* **PROBLEM STATEMENT**
Check every line of the data below for the string "下撇笔法", and copy the ones that hold it.

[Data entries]
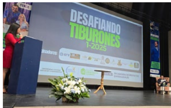
En Funza, la Facultad de Administración y Economía desarrolló el reto "Desafiando Tiburones", que convocó a emprendedores del municipio.

Durante el evento, se presentó a 'Mayo', la mascota oficial, que representará el espíritu de trabajo en equipo, la identidad y la proyección de la Universidad en todas sus actividades.
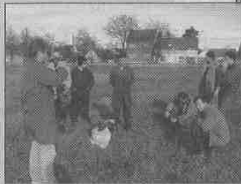
Nakon naporna posla dobro dođe hladno Osječko

pohvaliti, naglasili su ribiči. Za ovaj tjedan planirano je tampiranje petnaest centimetara zemlje, nasipavanje šljunka oko bočarskog igrališta, a nakon toga i sijanje trave, popularno zvane englezerice . Otvorenje
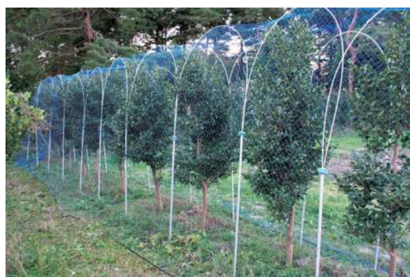
果樹園に「らくらく設置3.5」を設置した様子
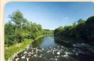
Řepiště – Řeka Ostravice
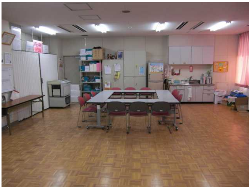
体育館の中に災害対策本部として活用できるミーティングルームを整備

阪神・淡路大震災の被災体験に基づき、改築した体育館の中に、災害時に防災対策本部として活用できるミーティングルーム、多目的トイレ、一般用トイレ、更衣室を整備した。
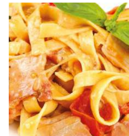
Тортилони с лесными грибами и панчеттой
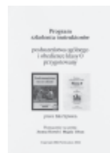
Program szkolenia instruktorów PO + Kl 0
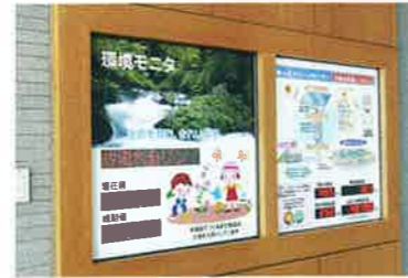
環境モニターと太陽光発電モニター
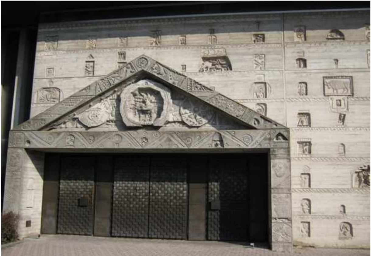
Hauptportal Ansicht der Kirche vom Marktplatz aus

Der in der Nähe, aber dennoch abseits des Portals stehende alte Glockenturm der abgebrochenen Kirche fügt sich vorzüglich zu den langgezogenen, horizontalen Formlinien des Kirchgebäudes. Der (alte) Turm aus grau-rötlichen Haustein-Mauerwerk mit Eckquadern aus rotem Sandstein und die naturbelassenen schalrauhnen Betonwände der (neuen) Kirche integrieren sich gegenseitig. Die Feinheit der Farbtöne zeigt eine überraschende Einheitlichkeit der beiden Gebäudeteile: Materialien und Maßstäblichkeit schließen den historischen Turm organisch an die neue Kirche und schafft eine nicht zu übertreffende Einheit.
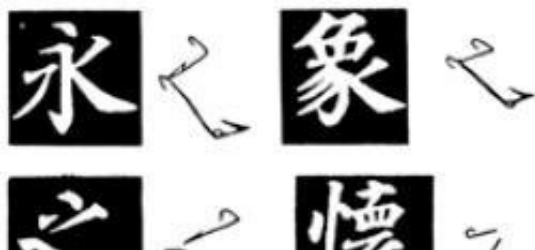
图 86 左上、下撇笔法

（5）左上、下撇笔法。《多宝塔碑》的左上、下撇，笔画劲而细，刚中有柔，犹如飞矢。如“水”、“如”。起笔顿挫重，行笔逐渐细成尖状。行笔速度稍快，才能露锋有飘势。若行笔滞留，就写不出气势。（图86）
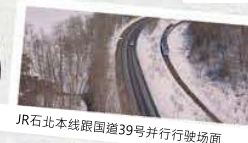
JR石北本线跟国道39号并行行驶场面

* **WRITTEN REPLY**
图 86 左上、下撇笔法
（5）左上、下撇笔法。《多宝塔碑》的左上、下撇，笔画劲而细，刚中有柔，犹如飞矢。如“水”、“如”。起笔顿挫重，行笔逐渐细成尖状。行笔速度稍快，才能露锋有飘势。若行笔滞留，就写不出气势。（图86）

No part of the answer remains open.